Apologizing is never easy. Admitting you are wrong for something you said or did, or conversely didn’t say or do, is always difficult for most people. Taking the higher road and being the bigger person is always the optimal way to go, even if you don’t get the forgiveness or approval you desire (or even deserve). It’s a hard pill to swallow to lower your guard and admit your faults.
But asking my children for forgiveness is one of the hardest things I find myself having to do!
Kids are a tough crowd. They often have no filter and say it like it is, without any thought of how it’s going to come out. They do not pull any punches when it comes to “beating around the bush.” Honestly, I admire their straightforwardness and ability to say something that everyone else is thinking but afraid to say. I wish I had the wherewithal to be that open. But I fail miserably, almost daily it seems!
I’m admittedly a very impatient person. Why on earth did you have kids then? I’m sure you’re asking me that! I ask myself that sometimes as well, knowing full well that my patience can run thin at times, especially after a long day at work or with various daily life stresses.

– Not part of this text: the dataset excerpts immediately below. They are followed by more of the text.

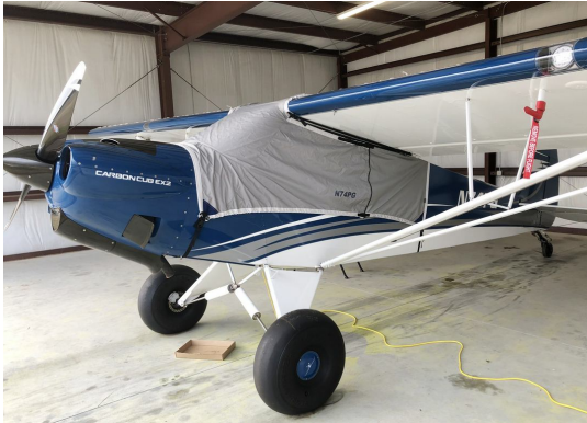
Cub Crafters Carbon Cub Travel Weight Canopy Cover

Travel Covers are made with Silver Solution-Dyed Polyester fabric and only lined over the windshield to save weight. The material is lightweight and more compact for easy stowage in the aircraft. The polyester material is water resistant, but only intended for occasional use outside. We also have an ultra lightweight material available for fitted hangar dust covers. For daily outdoor use, the non-travel Sunbrella Cover is the best choice.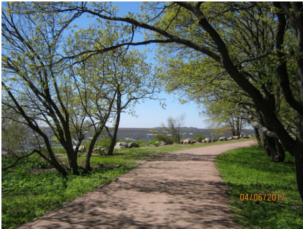
Sea landscapes of the park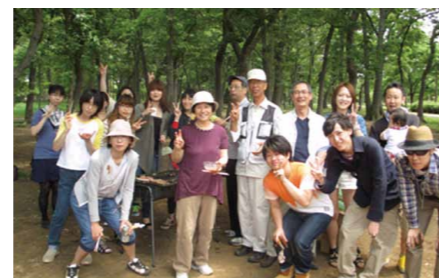
Barbeque party held to welcome new recruits

To deepen interaction with local communities, each plant is participating in initiatives hosted by the industrial complexes to which they belong. For example, they take part in cleanup activities while supplying their container products for use in local industrial festivals. Going forward, we will step up efforts aimed at facilitating communications, building robust partnerships in which we can support one another in emergencies as a community member.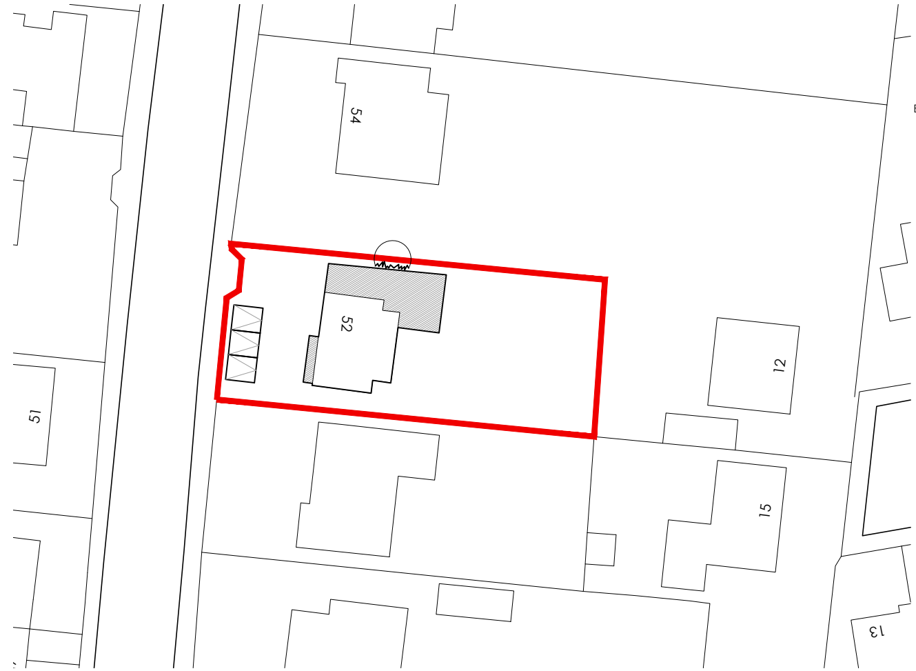
PROPOSED BLOCK PLAN SCALE 1:500 @ A3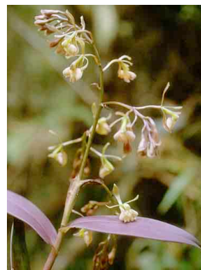
99 Epidendrum ORCHIDACEAE

It’s on those days that the grace has fully left my body and I’m overtaken by the most impatient person you’ll ever meet. It’s precisely at that moment my kids will talk incessantly, over each other,in growing volumes and I snap. I become the child I once admired for their lack of tact and their ability to say exactly what’s on their mind. Additionally with no thought of how it may come out or what someone may translate it to mean. It’s then, I realize what an awful mistake I’ve made while my children stare up at me with that look of disappointment and despair.
Well, now you’ve gone and done it mom! You blew it! You lost your cool.
No one ever said being a parent was going to be easy. I wish I could say that being a mom is always sunshine and rainbows. Honestly, there are a lot of cloudy, pouring days when you’re a parent. Sometimes even more so when you’re a single mom doing this parenting thing with no apparent back up. But, in true mom fashion, you pull up your bootstraps and repeat the mantra that goes something like this:
“Into each life some rain must fall” (in order to appreciate the blue skies that will come). The second part is my addition to the quote.
Essentially, in order for us to see all the good we have going for us, we’re bound to make mistakes. But it’s what we do with those mistakes that pushes us forward. How we respond, not only to others, but also to ourselves during those moments after you realize something has gone amiss. What can I do with those moments?
First and foremost, I take a step back, take a moment to gather my thoughts, which I did not do previously, and THEN I talk. I don’t mean talking AT my kids, but talking WITH my kids. And I start the conversation with an apology. I apologize to my children for my words and my reaction. I take the path of humility, and ask my children to forgive me. This is not easy. It’s hard enough to do this with adults, but it’s so hard to do with my children even more. I think partially because I’m supposed to be the living example to my children. I’m supposed to be molding them into their future selves. What I say and do is going to shape them into who they will be.
But then, again after some introspection, this IS modeling what they should do. This is teaching them that no one is perfect, and that no one is beyond making a mistake. No one is exempt from imperfections, and boy am I relieved! My children will attest to you that I have lost my cool and I’ve reacted not so favorably at times to their actions. And that’s on me to make right and set an example. Apologizing to my children is humbling, and it’s hard, but it’s necessary.
Setting a positive example for your children starts with mistakes and blunders in life. Without them, they’d never know how to handle the aftermath and the clean up. I’m not afraid anymore to make things right with my children. In fact, I think it’s an important life lesson we all go through. Children are quite forgiving and at least my boys have learned that we aren’t perfect. We all make mistakes. And what’s even better, is that my boys have learned the importance of unconditional love and acceptance. They have learned that an apology can make a world of difference and can open the doors to more life lesson conversations.
Saying “I’m Sorry” to your kids is not always easy, and it takes a lot of understanding, on both the parent and the children’s part. But letting down your guard, and showing your children that you aren’t perfect and that you do make mistakes allows the forgiveness they freely give that much sweeter.